Further, described production center node and backup center node include application program module, IO administration module, IO filtration drive module, operational module, local memory module, data replication module, local agent service module and administration module, wherein:

Described application program module, application program for the described system protection of needs, be used to produce the IO request, application program module in the node of the described production center is in running status, and the application program module in the described backup center node is only just moved when replacing the operation of production center node or other backup center nodes professional;

Described IO administration module links to each other with described application program module and data replication module, is used to receive the IO that IO asks and described data replication module the receives request that described application program module sends;

Described IO filtration drive module, link to each other with described IO administration module and data replication module, receive the IO request that above-mentioned two modules send, send to described operational module, and from the IO request that receives, may cause operational module to have the IO of alter operation to ask to filter out to send to other backup center nodes by described data replication module;

Described operational module links to each other with described IO filtration drive module, is used to carry out the described IO requested operation that receives;

Described local memory module links to each other with described operational module, is used to provide memory space;

Described data replication module links to each other with described IO administration module and IO filtration drive module, is used for from other node reception IO requests and business datum and/or sends IO to other nodes asking and business datum;

Described local agent service module links to each other with described administration module, when being used to detect the described system failure, sending a warning message to described administration module, and transmit heartbeat message between each node;

Described administration module, link to each other with described data replication module and local agent service module, be used for receiving the precedence information that other address of node information and user set in advance according to described heartbeat message, other nodes are carried out prioritization, and behind the warning information that receives described local agent service module, trigger described local agent service module and send heartbeat message to other nodes, notify other backup nodes to take over all business that the node that breaks down is born according to priority order from high to low.

Further, described operational module also is used to scan the sector data on the described local memory module, when detecting certain sectors of data and change, trigger described data replication module by described IO filtration drive module the data in this sector that changes are copied to other nodes.

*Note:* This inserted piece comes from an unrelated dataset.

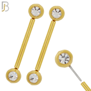 NP16G – 316L Surgical Steel Gold Plated Push In Round Bezel Zircon Nipple Ring Piercing
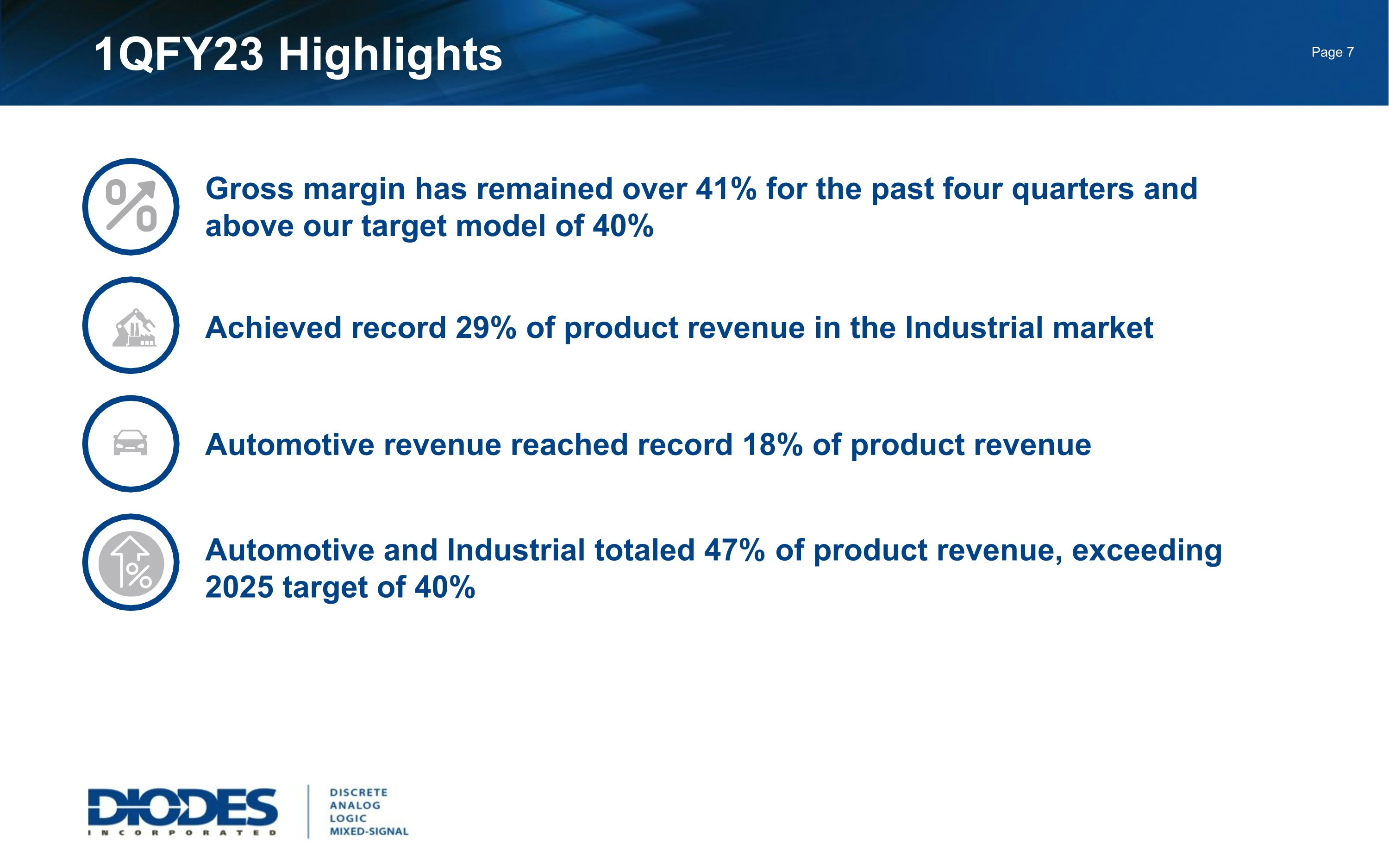 1QFY23 Highlights Gross margin has remained over 41% for the past four quarters and above our target model of 40% Achieved record 29% of product revenue in the Industrial market Automotive and Industrial totaled 47% of product revenue, exceeding 2025 target of 40% Automotive revenue reached record 18% of product revenue

In order to address the above problem, the present invention also provides a kind of multinode application redundancy method, the system that described method was suitable for comprises: production center node and two or more backup center node that the service operation ability is provided, described backup center node links to each other by local area network (LAN) and/or wide area network with described production center node, each backup center node is provided with priority orders from high to low, the priority of described production center node is higher than the priority of all backup center nodes, and described method comprises:

Described production center node sends to all backup center nodes with data and/or operation when operate as normal, described backup center node is preserved data and/or the operation that described production center node sends;

When described production center node breaks down, the business of operation on it is switched on the highest backup center node of priority, when described backup center node replaces production center node operation professional, data and/or operation are sent on all the other all backup center nodes;

When the professional backup center node of operation breaks down, described business is switched on the backup center node of next priority, to keep the normal operation of described business.

Further, described production center node and each backup center node are provided with the priority orders of other node respectively, when the operation business breaks down, described business are switched on the backup center node of next priority according to the prioritization on it; Be in the priority of the priority of the backup center node in the same address realm with described production center node, but be higher than other are not in the backup center node in the same address realm with the production center priority inferior to described production center node; The priority that is in other backup center nodes in the same address realm with this backup center node is lower than the priority of this backup center node.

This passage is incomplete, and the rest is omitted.